| WHAT YOU SHOULD DO |
Every line from the one holding "Hu Xijin, the" through the one holding "AvtoEnergy, магазин по" in the data below must be returned exactly, both ends included, with pictures left out and nothing else added.

| ENTRIES SHOWN |
>>>

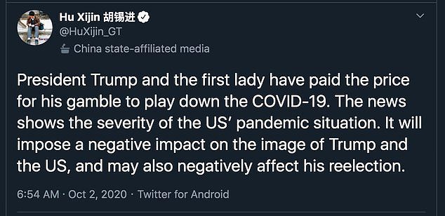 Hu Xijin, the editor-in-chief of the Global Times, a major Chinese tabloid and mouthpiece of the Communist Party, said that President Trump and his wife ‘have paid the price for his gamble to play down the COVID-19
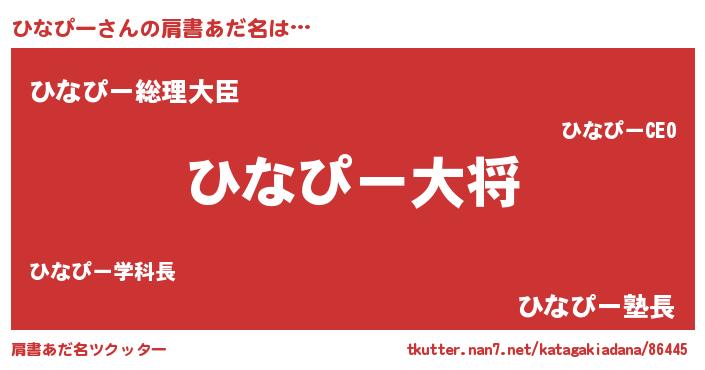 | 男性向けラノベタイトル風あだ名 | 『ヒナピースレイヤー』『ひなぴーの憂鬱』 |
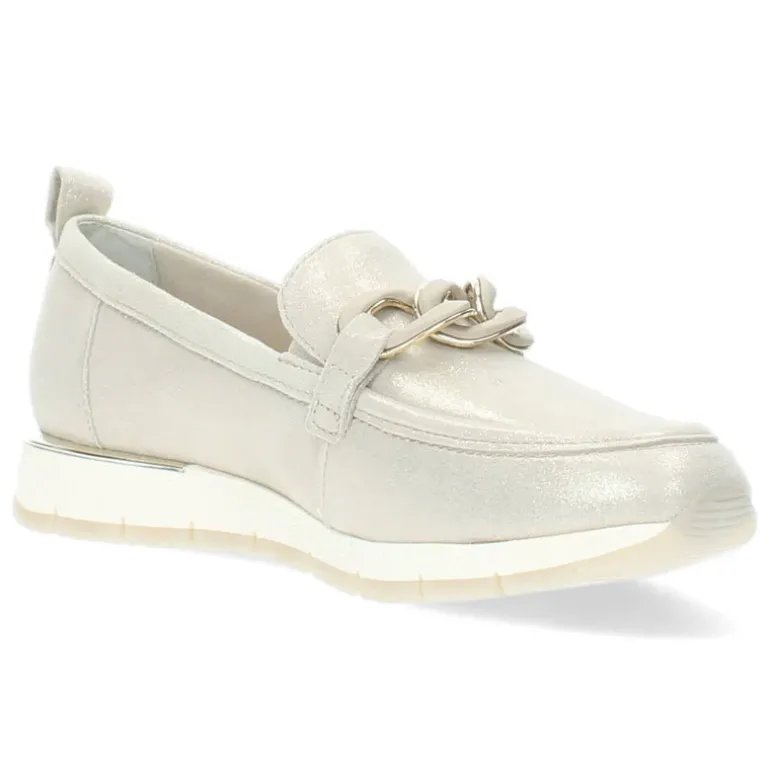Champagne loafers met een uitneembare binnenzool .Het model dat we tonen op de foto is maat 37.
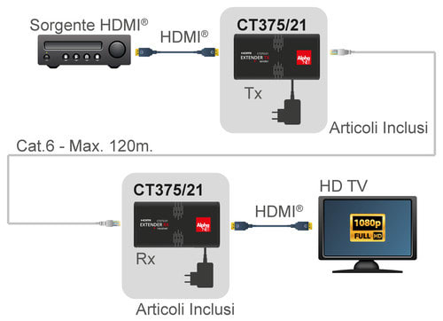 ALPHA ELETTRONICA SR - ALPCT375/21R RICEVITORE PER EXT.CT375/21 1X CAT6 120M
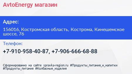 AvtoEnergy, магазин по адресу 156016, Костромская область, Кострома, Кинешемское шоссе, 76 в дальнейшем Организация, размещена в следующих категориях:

<<<
>>>

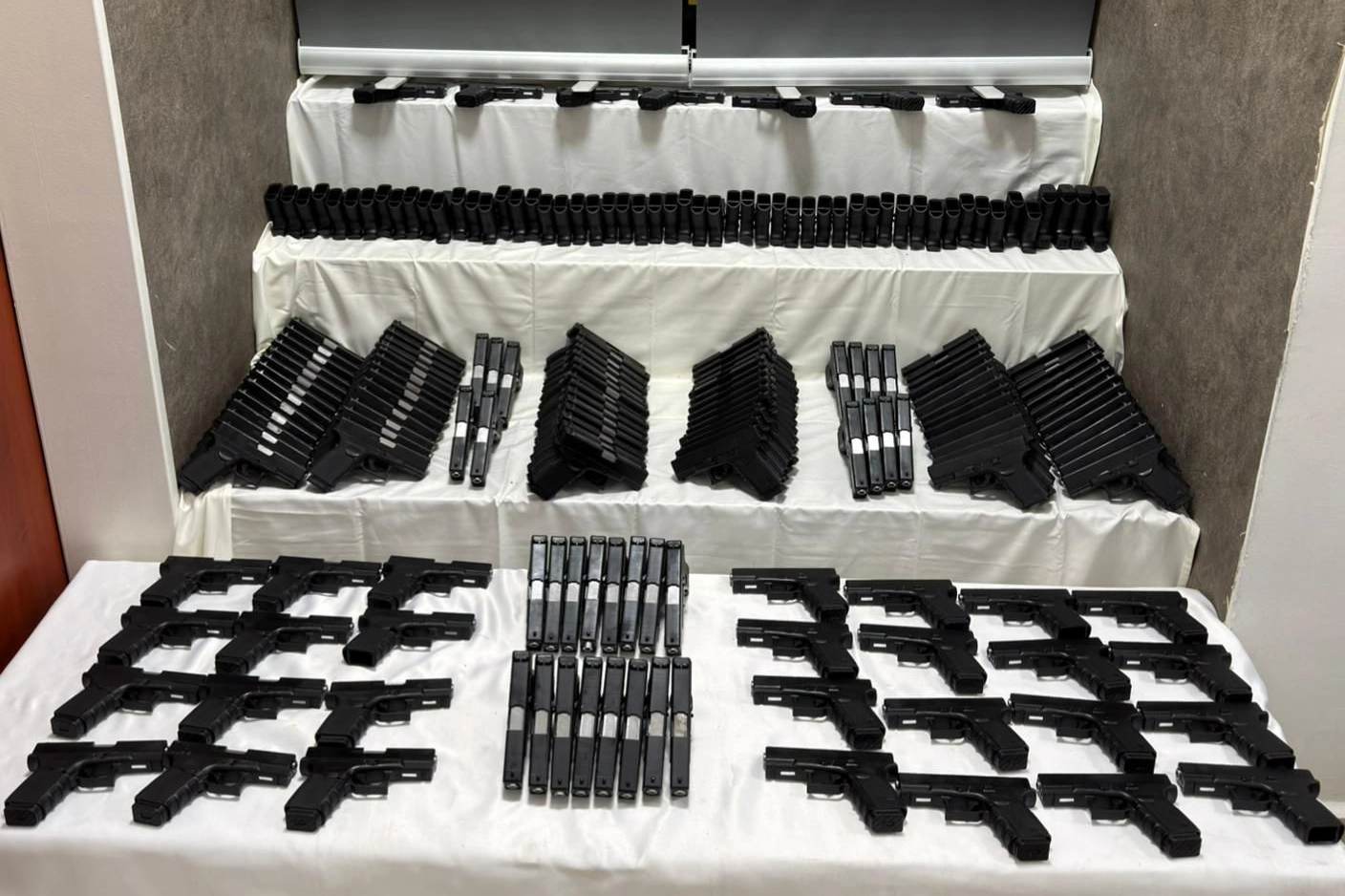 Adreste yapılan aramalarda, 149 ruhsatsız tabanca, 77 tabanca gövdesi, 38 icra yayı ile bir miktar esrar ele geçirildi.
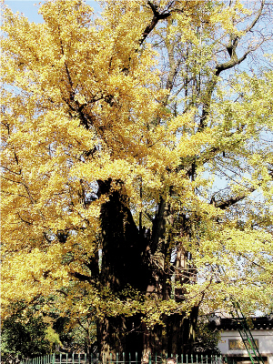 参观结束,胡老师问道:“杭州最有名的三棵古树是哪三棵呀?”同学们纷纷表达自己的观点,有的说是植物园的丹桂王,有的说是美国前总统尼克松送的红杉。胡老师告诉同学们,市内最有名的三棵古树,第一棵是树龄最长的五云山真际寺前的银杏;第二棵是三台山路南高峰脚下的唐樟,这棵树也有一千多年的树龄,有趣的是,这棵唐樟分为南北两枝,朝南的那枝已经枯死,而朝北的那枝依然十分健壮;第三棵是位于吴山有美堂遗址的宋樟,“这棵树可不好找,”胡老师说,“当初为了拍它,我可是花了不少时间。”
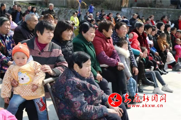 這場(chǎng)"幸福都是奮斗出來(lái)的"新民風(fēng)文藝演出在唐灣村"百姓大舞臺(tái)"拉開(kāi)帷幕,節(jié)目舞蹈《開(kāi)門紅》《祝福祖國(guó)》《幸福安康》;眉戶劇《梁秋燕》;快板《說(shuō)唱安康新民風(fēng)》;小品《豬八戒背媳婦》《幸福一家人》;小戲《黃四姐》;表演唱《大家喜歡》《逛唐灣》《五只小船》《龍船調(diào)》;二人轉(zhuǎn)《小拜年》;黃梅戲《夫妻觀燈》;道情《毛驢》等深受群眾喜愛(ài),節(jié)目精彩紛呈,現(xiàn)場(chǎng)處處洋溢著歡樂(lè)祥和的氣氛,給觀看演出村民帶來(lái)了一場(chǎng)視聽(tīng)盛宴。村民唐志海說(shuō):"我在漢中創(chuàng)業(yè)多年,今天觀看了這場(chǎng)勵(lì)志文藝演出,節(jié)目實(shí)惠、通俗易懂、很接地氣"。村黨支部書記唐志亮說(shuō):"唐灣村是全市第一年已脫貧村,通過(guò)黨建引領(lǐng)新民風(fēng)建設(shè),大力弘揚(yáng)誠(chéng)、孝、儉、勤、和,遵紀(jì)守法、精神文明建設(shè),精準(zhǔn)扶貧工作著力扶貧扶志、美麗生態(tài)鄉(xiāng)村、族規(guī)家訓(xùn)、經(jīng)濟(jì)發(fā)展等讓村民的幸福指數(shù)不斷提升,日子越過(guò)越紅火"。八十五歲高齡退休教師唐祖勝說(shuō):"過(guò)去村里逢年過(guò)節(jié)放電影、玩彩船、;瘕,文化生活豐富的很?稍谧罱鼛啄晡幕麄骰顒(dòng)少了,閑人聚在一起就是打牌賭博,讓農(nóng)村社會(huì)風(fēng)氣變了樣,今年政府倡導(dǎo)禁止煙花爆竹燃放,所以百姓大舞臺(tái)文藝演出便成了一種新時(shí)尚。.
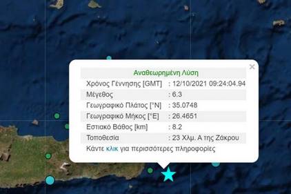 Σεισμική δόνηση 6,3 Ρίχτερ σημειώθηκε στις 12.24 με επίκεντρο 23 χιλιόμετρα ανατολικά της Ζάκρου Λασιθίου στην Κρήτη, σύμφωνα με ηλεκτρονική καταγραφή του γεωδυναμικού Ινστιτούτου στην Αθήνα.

<<<
>>>

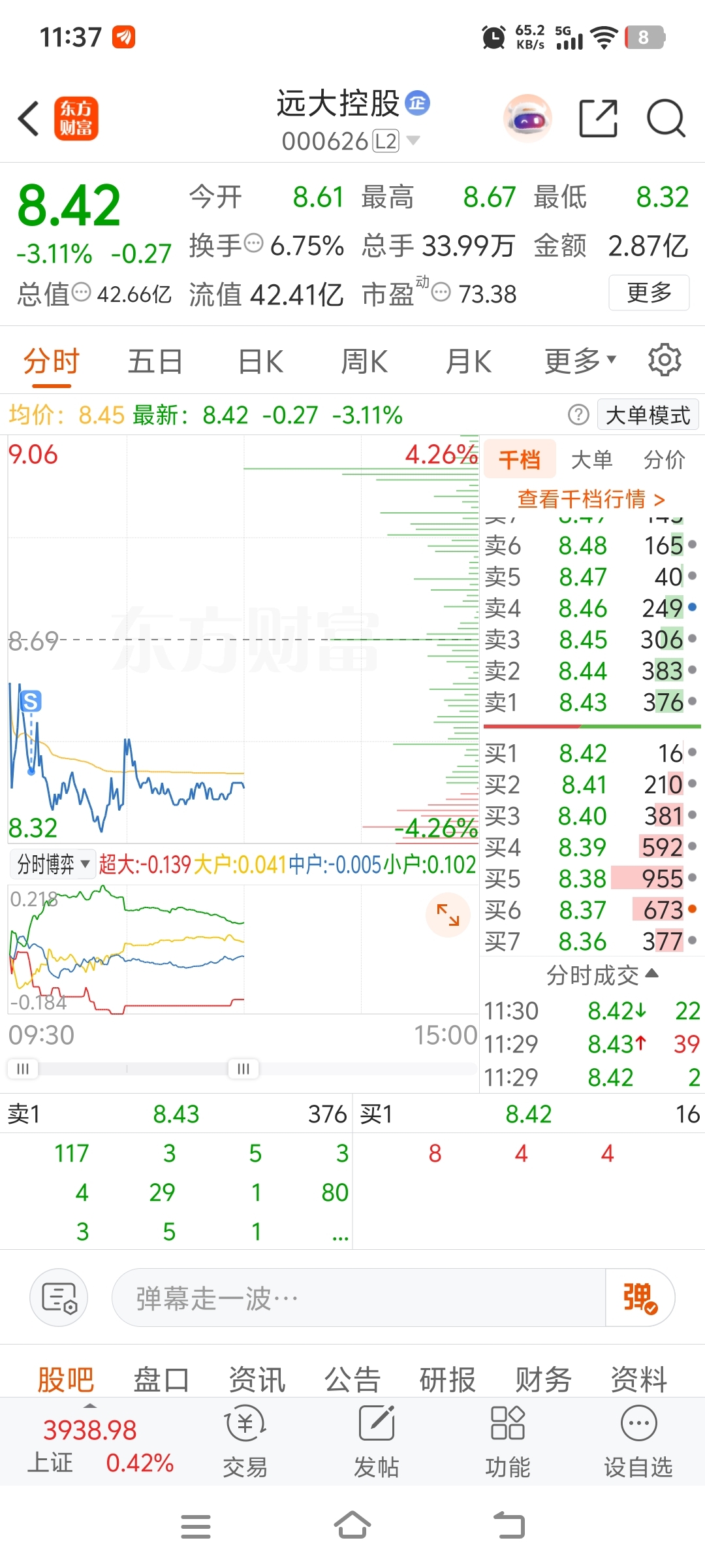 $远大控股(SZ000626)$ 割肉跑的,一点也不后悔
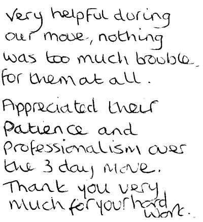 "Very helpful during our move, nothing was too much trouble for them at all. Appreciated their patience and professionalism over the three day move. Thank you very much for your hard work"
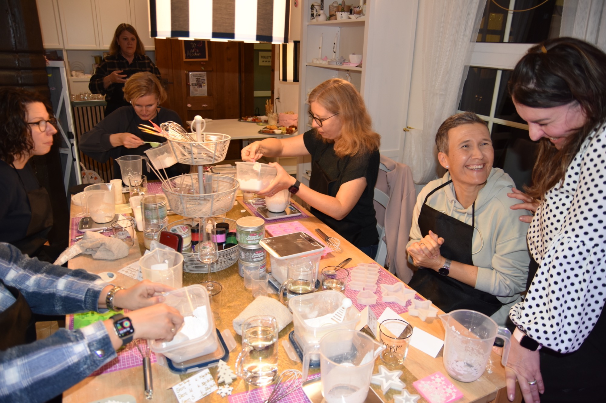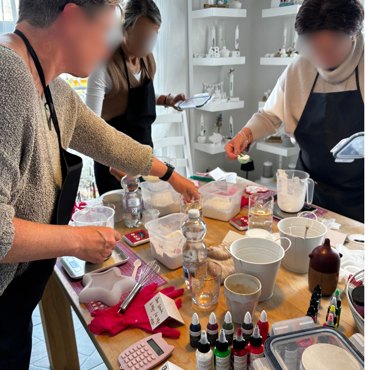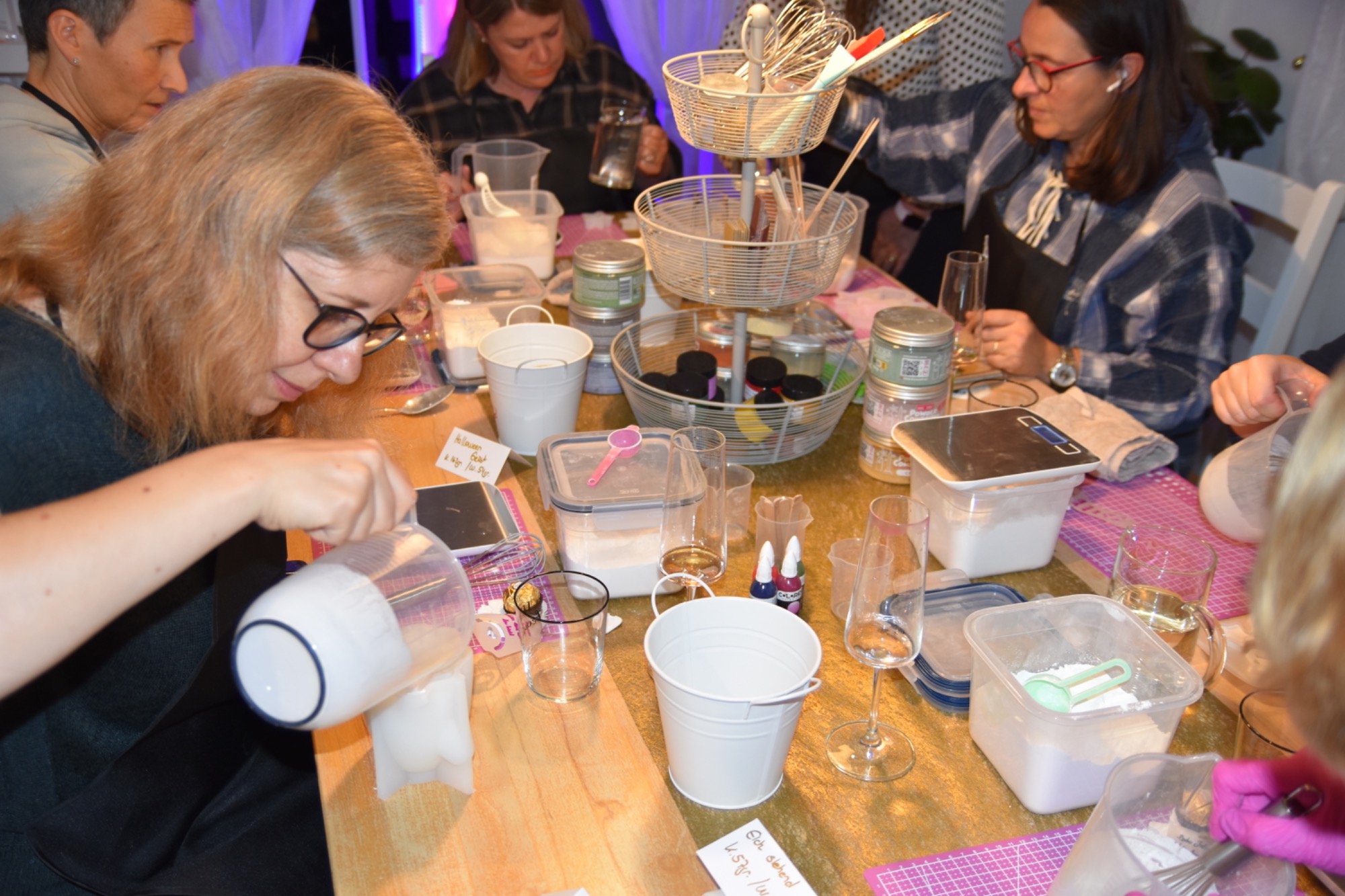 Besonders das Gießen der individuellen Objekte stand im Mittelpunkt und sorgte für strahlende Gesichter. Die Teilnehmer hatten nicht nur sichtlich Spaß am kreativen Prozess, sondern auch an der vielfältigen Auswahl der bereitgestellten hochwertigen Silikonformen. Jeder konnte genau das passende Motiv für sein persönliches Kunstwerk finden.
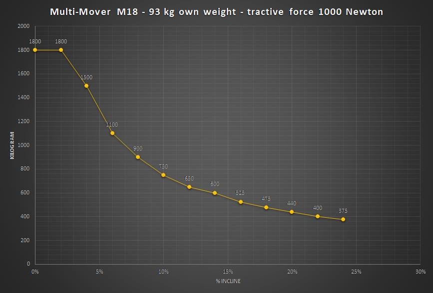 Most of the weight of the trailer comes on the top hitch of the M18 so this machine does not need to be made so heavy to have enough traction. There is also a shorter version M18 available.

<<<

| OUTPUT FOR THIS EXERCISE |
 Hu Xijin, the editor-in-chief of the Global Times, a major Chinese tabloid and mouthpiece of the Communist Party, said that President Trump and his wife ‘have paid the price for his gamble to play down the COVID-19
 | 男性向けラノベタイトル風あだ名 | 『ヒナピースレイヤー』『ひなぴーの憂鬱』 |
Champagne loafers met een uitneembare binnenzool .Het model dat we tonen op de foto is maat 37.
 ALPHA ELETTRONICA SR - ALPCT375/21R RICEVITORE PER EXT.CT375/21 1X CAT6 120M
 AvtoEnergy, магазин по адресу 156016, Костромская область, Кострома, Кинешемское шоссе, 76 в дальнейшем Организация, размещена в следующих категориях:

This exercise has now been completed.